Reproduce, exactly and in full, the lines from the one with "Нийт 46 компанийн" through the one with "Refresh your look" in the data below; drop pictures.

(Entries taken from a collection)
--------------------

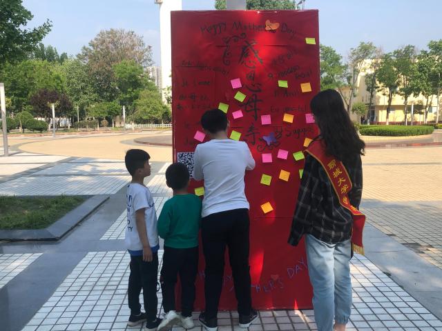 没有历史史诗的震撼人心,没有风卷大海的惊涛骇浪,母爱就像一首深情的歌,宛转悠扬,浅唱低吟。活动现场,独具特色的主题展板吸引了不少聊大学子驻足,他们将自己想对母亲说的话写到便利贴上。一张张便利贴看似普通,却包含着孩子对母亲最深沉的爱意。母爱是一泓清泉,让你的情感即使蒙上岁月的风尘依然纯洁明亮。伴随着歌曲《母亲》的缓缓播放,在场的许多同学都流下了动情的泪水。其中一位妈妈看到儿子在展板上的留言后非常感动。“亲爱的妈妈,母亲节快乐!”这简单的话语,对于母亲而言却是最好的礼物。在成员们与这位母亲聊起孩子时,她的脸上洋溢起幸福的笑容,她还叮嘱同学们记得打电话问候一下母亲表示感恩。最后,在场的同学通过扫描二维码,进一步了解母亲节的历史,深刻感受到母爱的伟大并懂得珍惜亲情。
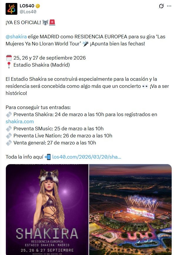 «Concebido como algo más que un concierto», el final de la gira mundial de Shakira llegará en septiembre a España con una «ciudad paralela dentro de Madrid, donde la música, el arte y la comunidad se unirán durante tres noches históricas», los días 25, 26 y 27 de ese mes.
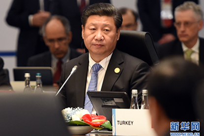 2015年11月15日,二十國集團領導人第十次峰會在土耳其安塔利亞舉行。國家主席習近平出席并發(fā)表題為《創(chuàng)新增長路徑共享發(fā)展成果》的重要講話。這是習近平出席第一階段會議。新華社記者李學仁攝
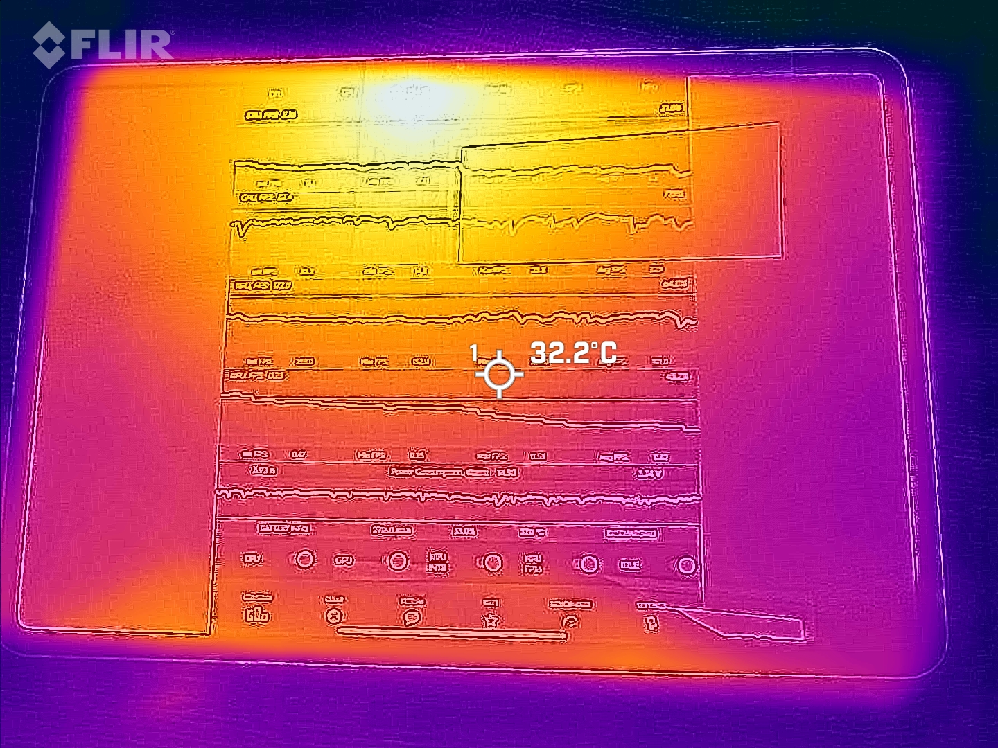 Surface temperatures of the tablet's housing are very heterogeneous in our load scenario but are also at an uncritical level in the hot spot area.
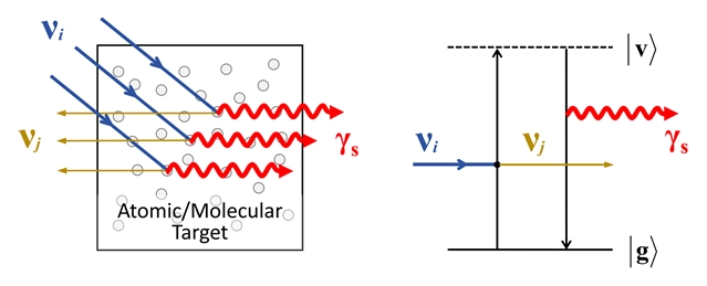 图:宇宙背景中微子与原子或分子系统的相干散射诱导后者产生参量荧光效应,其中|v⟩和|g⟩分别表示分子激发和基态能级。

--------------------

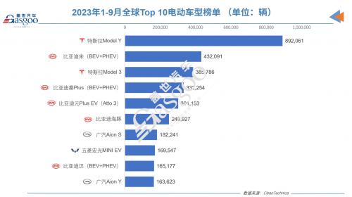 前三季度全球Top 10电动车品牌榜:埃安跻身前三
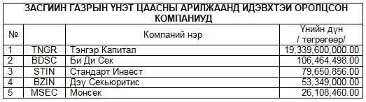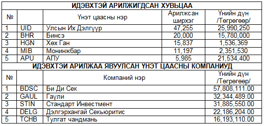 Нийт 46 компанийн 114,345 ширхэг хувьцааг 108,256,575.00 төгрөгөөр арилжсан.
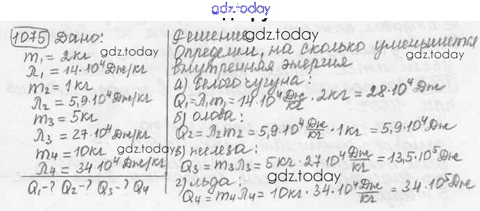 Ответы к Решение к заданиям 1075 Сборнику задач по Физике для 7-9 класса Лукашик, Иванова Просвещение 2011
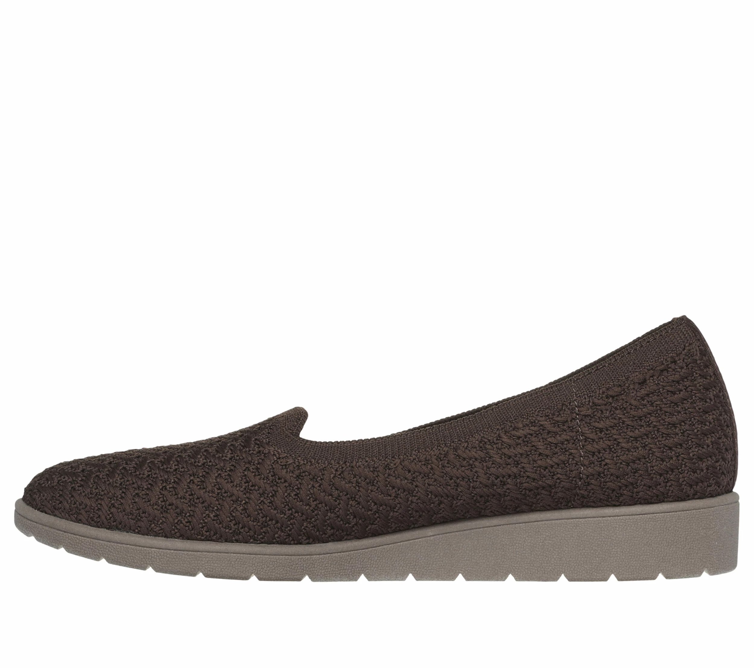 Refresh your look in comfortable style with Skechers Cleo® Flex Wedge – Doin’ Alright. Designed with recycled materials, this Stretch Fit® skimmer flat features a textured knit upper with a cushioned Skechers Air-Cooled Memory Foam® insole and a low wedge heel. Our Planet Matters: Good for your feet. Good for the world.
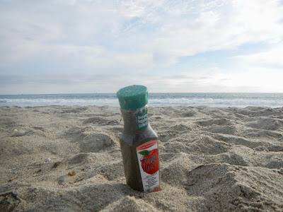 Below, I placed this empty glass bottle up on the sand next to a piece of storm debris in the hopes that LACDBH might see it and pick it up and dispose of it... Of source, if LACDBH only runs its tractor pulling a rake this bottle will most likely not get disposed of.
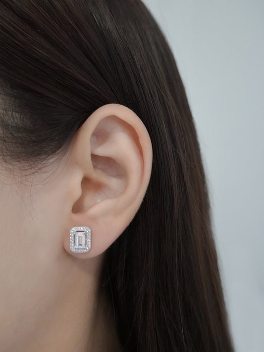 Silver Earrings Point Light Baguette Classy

--------------------

§ SOLUTION TO THIS EXERCISE
 Нийт 46 компанийн 114,345 ширхэг хувьцааг 108,256,575.00 төгрөгөөр арилжсан.
 Ответы к Решение к заданиям 1075 Сборнику задач по Физике для 7-9 класса Лукашик, Иванова Просвещение 2011
 Refresh your look in comfortable style with Skechers Cleo® Flex Wedge – Doin’ Alright. Designed with recycled materials, this Stretch Fit® skimmer flat features a textured knit upper with a cushioned Skechers Air-Cooled Memory Foam® insole and a low wedge heel. Our Planet Matters: Good for your feet. Good for the world.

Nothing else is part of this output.